Plugins¶
Azkaban is designed to be modular. We are able to plug in code to add viewer pages or execute jobs in a customizable manner. These pages will describe the azkaban-plugins that can be downloaded from the download page and how to extend Azkaban by creating your own plugins or extending an existing one.
HadoopSecurityManager¶
The most common adoption of Azkaban has been in the big data platforms such as Hadoop, etc. Azkaban’s jobtype plugin system allows most flexible support to such systems.
Azkaban is able to support all Hadoop versions, with support for Hadoop security features; Azkaban is able to support various ecosystem components with all different versions, such as different versions of pig, hive, on the same instance.
A common pattern to achieve this is by using the
HadoopSecurityManager
class, which handles talking to a Hadoop
cluster and take care of Hadoop security, in a secure way.
Hadoop Security with Kerberos, Hadoop Tokens¶
When Hadoop is used in enterprise production environment, it is advisable to have its security feature turned on, to protect your data and guard against mistakes.
Kerberos Authentication
The most common authentication provided by Apache Hadoop is via Kerberos, which requires a KDC to authenticate users and services.
A user can authenticate with KDC via username/password or use a keytab.
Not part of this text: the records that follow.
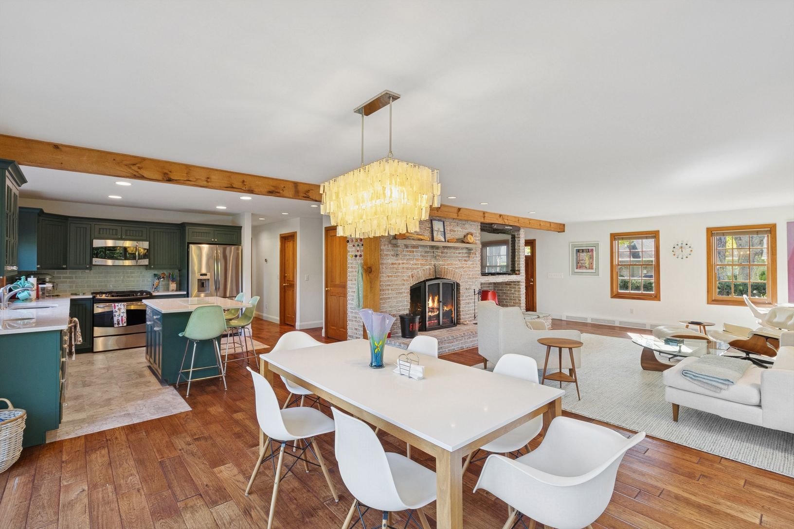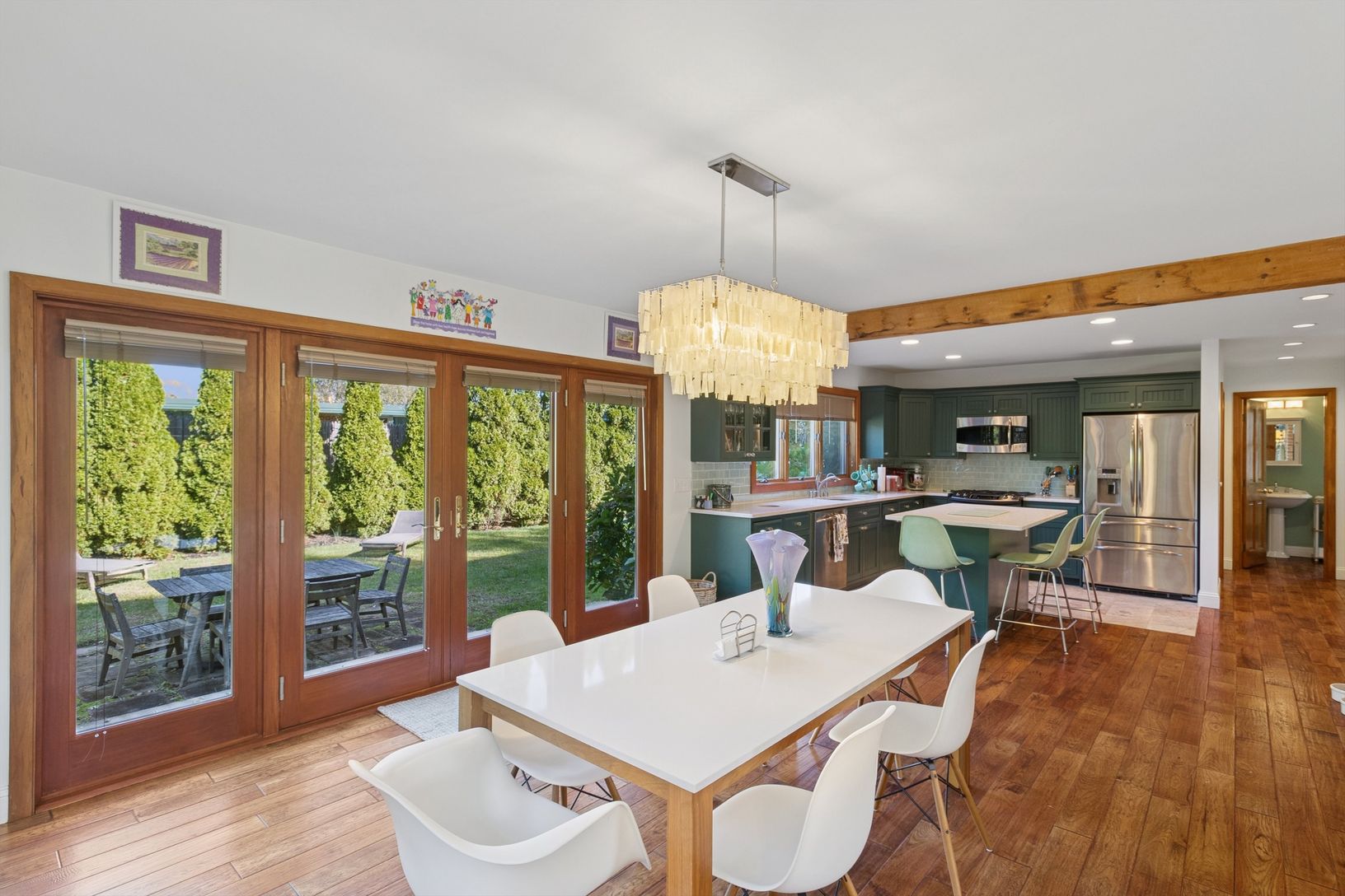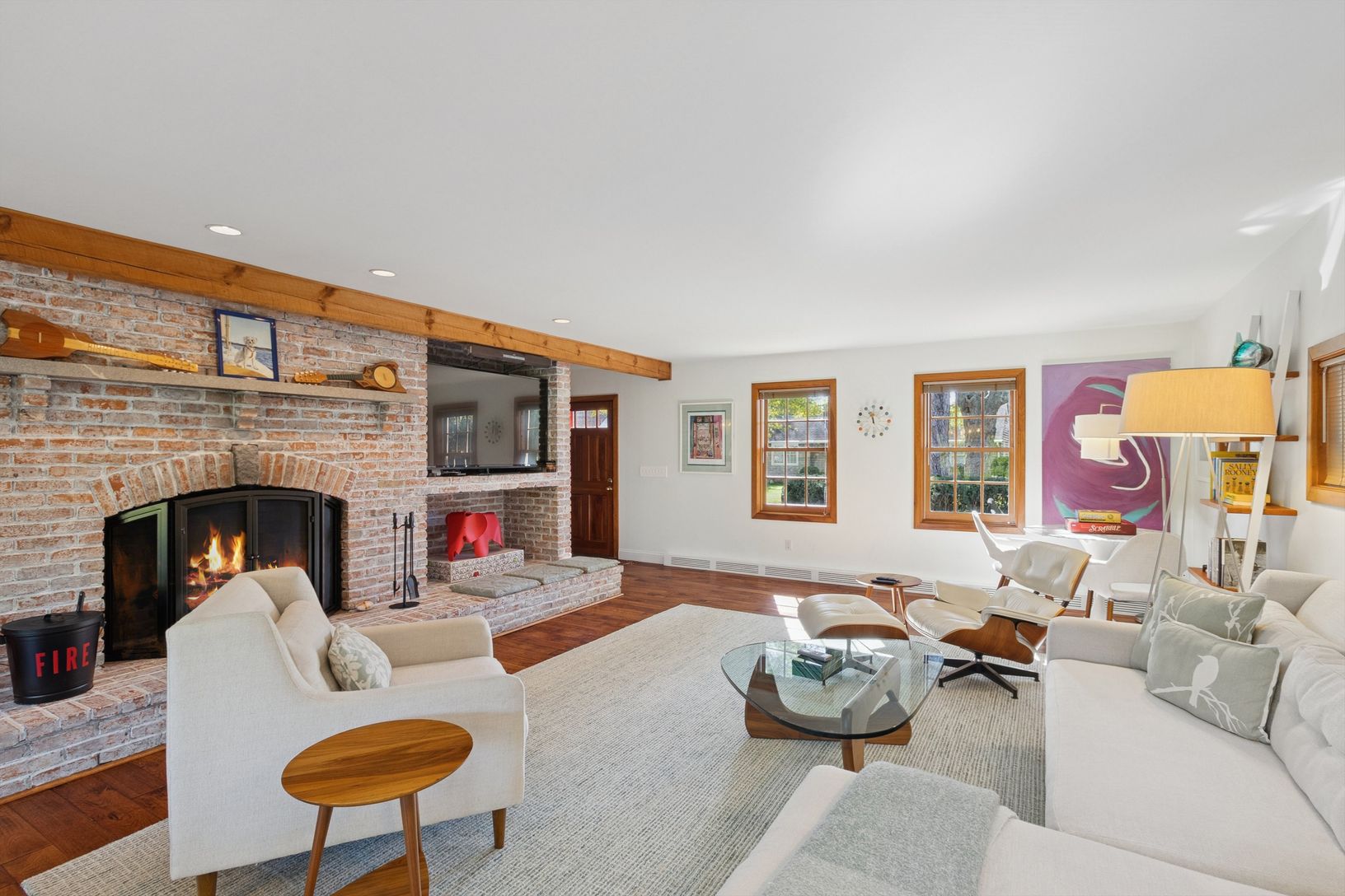 This beautifully crafted custom Cape is wrapped in lush, mature gardens and perfectly positioned just moments from everything in East Hampton Village. Inside, three comfortable bedrooms and two full baths anchor a bright, open layout that seamlessly connects the living room, dining area, and kitchen-complete with spacious workspace. A mudroom, wall-to-wall brick fireplace, French doors, gas heat, and a full basement add practicality and char
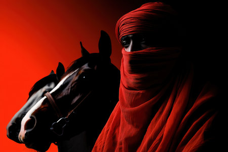 A figure in red fabric stands beside two horses, forming a striking silhouette.
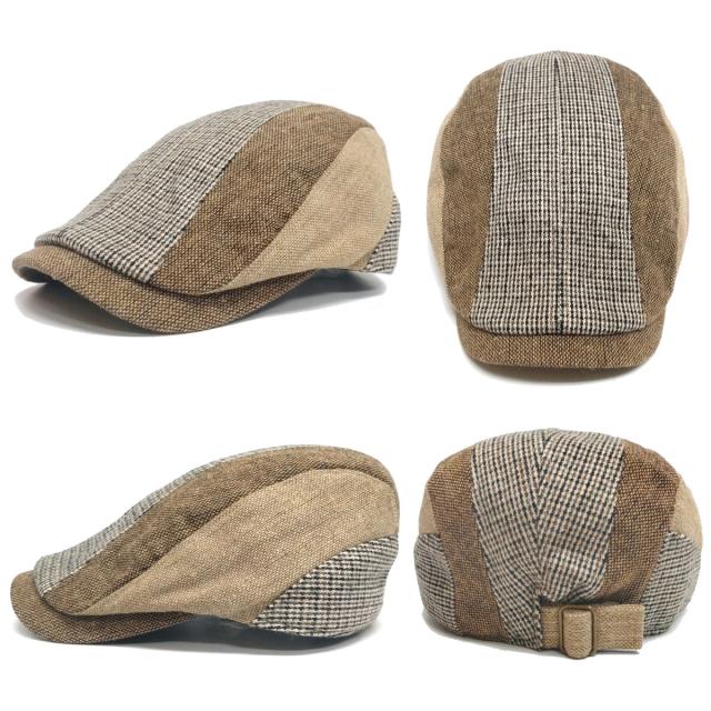 ハンチング 帽子 メンズ つば長 秋冬に最適 チェック柄 ツイード 縦はぎデザイン 56cm-59cm 小顔 hun-685 ハンチング帽 レディース 秋冬 ゴルフ 厚手 サイズ調節 お洒落 ウール混 30代 40代 50代 60代 70代 80代 お父さん プレゼント

KDC distributes a tgt to authenticated users. Hadoop services, such as name node and job tracker, can use this tgt to verify this is authenticated user.
Hadoop Tokens
Once a user is authenticated with Hadoop services, Hadoop will issue tokens to the user so that its internal services won’t flood KDC. For a description of tokens, see here.
Hadoop SecurityManager
For human users, one authenticate with KDC with a kinit command. But for
scheduler such as Azkaban that runs jobs on behalf as other users, it
needs to acquire tokens that will be used by the users. Specific Azkaban
job types should handle this, with the use of HadoopSecurityManager
class.
For instance, when Azkaban loads the pig job type, it will initiate a HadoopSecurityManager that is authenticated with the desired KDC and Hadoop Cluster. The pig job type conf should specify which tokens are needed to talk to different services. At minimum it needs tokens from name node and job tracker. When a pig job starts, it will go to the HadoopSecurityManager to acquire all those tokens. When the user process finishes, the pig job type calls HadoopSecurityManager again to cancel all those tokens.
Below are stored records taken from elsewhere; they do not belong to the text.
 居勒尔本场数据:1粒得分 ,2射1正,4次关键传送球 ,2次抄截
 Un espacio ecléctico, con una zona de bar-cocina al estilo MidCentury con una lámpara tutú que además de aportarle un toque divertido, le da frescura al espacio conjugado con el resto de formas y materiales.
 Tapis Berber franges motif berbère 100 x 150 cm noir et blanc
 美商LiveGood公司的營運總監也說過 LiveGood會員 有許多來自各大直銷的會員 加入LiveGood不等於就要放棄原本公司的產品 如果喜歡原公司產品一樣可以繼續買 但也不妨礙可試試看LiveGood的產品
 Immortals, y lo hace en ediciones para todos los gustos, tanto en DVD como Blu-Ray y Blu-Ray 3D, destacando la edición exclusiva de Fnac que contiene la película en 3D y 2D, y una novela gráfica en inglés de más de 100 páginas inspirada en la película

Settings Common to All Hadoop Clusters¶
When a user program wants to talk to a Hadoop cluster, it needs to know
where are the name node and job tracker. It also needs to know how to
authenticate with them. These information are all in the Hadoop config
files that are normally in $HADOOP_HOME/conf
. For this reason, this
conf directory as well as the hadoop-core jar need to be on azkaban
executor server classpath.
If you are using Hive that uses HCat as its metastore, you also need relevant hive jars and hive conf on the classpath as well.
Native Library
Most likely your Hadoop platform depends on some native library, this should be specified in java.library.path in azkaban executor server.
temp dir
Besides those, many tools on Hadoop, such as Pig/Hive/Crunch write files
into temporary directory. By default, they all go to /tmp
. This
could cause operations issue when a lot of jobs run concurrently.
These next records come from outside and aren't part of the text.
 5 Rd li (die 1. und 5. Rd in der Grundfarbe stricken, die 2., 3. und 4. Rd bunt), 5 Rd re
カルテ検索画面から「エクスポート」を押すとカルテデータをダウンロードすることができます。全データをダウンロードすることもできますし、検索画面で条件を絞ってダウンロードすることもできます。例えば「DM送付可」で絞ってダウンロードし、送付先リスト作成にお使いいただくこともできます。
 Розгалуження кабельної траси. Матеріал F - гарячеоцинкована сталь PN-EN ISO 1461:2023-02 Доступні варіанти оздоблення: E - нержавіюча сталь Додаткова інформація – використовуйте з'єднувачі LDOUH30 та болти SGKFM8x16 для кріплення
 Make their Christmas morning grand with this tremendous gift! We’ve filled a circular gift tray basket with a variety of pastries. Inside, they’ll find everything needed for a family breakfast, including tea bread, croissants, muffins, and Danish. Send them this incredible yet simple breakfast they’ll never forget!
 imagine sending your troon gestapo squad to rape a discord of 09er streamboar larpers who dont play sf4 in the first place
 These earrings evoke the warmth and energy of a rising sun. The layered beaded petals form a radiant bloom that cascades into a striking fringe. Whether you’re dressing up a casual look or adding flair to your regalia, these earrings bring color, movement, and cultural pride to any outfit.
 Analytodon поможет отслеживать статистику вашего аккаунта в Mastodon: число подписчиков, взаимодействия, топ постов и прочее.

Because of this, you may want to change this by setting
java.io.tmp.dir
to a different directory.
Settings To Talk to UNSECURE Hadoop Cluster¶
If you are just starting out with Hadoop, chances are you don’t have kerberos authentication for your Hadoop. Depending on whether you want to run everything as azkaban user (or whatever user started the azkaban executor server), you can do the following settings:
- If you started the executor server with user named azkaban, and you
want to run all the jobs as azkaban on Hadoop, just set
azkaban.should.proxy=false
andobtain.binary.token=false
- If you started the executor server with user named azkaban, but you
want to run Hadoop jobs as their individual users, you need to set
azkaban.should.proxy=true
andobtain.binary.token=false
Settings To Talk to SECURE Hadoop Cluster¶
For secure Hadoop clusters, Azkaban needs its own kerberos keytab to authenticate with KDC. Azkaban job types should acquire necessary Hadoop tokens before user job process starts, and should cancel the tokens after user job finishes.
All job type specific settings should go to their respective plugin conf files. Some of the common settings can go to commonprivate.properties and common.properties.
For instance, Hadoop job types usually require name node tokens and job tracker tokens. These can go to commonpriate.properties.
Azkaban as proxy user
The following settings are needed for HadoopSecurityManager to authenticate with KDC:
proxy.user=YOUR_AZKABAN_KERBEROS_PRINCIPAL
This principal should also be set in core-site.xml in Hadoop conf with corresponding permissions.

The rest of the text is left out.